CHD: Coronary heart disease; CVD: Cardiovascular disease; Lp(a): Lipoprotein(a); RR: Relative risk; SD: Standard deviation.
The most recent prospective analysis was conducted in 926 women and 760 men with Type 2 diabetes from the NHS and HPFS trials [23]. In the two cohorts of women (16-year follow-up) and men (12-year follow-up) with Type 2 diabetes, there was a marginal association between plasma Lp(a) levels and CVD incidence and mortality in age-adjusted models (RRs per 1-standard deviation higher log-transformed Lp(a) levels for CHD, CVD and CVD death: 1.08 [95% CI: 0.98–1.19], 1.08 [95% CI: 0.98–1.18] and 1.17 [95% CI: 0.98–1.40], respectively). After further adjustment for lipids and other conventional risk factors, the RRs for CHD and CVD were reduced to 1.05 (95% CI: 0.95–1.15) and 1.05 (95% CI: 0.96–1.15), respectively, while the RR for CVD death slightly increased to 1.21 (95% CI: 0.99–1.47).

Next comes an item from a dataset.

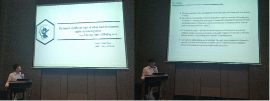 在随后的交流中,郑伊硕同学受邀作为Land Supply会场的论文讨论人,对清华大学Shuping Wu博士的参会文章《Strategic Bidding in Two-stage Land Auction in China》。进行了简单评论,对论文中的竞价主体的异质性方面的问题提出了相关研究观点,与在场学者展开了讨论,郑伊硕同学的讨论得到了论文作者的积极响应,并就此问题展开了深入交流。

This is the largest prospective study in diabetic patients to date, expanding a previous study by having longer follow-up and more CVD events [58]. Shai et al. previously reported a borderline association between Lp(a) levels and CHD (p = 0.035) in diabetic women from the NHS [58].
Several studies have compared the association between Lp(a) levels and CVD risk in diabetic and nondiabetic populations. In 587 consecutive patients undergoing coronary angiography (including 136 patients with Type 2 diabetes), Saely et al. found that Lp(a) was a strong and independent predictor of CVD events in nondiabetic individuals (RR per 1-standard deviation higher log-transformed Lp(a) levels: 1.461 [95% CI: 1.121–1.904]), but not in diabetic patients (RR: 0.812 [95% CI: 0.539–1.223]) [40], and there was a significant difference in the association of Lp(a) with CVD risk between nondiabetic individuals and diabetic patients (p = 0.008). However, a recent 10-year follow-up prospective study in a general population (n = 9330; 375 diabetics) reported that there was no significant difference in the association between Lp(a) and CHD stratified by diabetes (RR: 1.08 [95% CI: 1.01–1.16] in diabetic patients and 1.05 [95% CI: 1.03–1.07] in nondiabetic individuals; p = 0.25) [59]. In the earlier-mentioned meta-analysis data from general populations [2], the RRs for CHD also did not vary significantly due to diabetes status (p = 0.79), but the RR for CHD in people with diabetes was slightly smaller than that in those without diabetes (RR: 1.09 [95% CI: 1.01–1.18] vs 1.14 [95% CI: 1.09–1.19]).
In summary, most published prospective studies of plasma Lp(a) levels and CVD risk in diabetic patients are limited by their relatively small sample sizes, and the results are inconclusive. Although meta-analysis in general populations suggested that there was no significant difference in the association between Lp(a) and CHD stratified by diabetes status, larger prospective studies in clearly defined diabetic populations are required to evaluate the effect of Lp(a) on CVD risk in diabetic patients.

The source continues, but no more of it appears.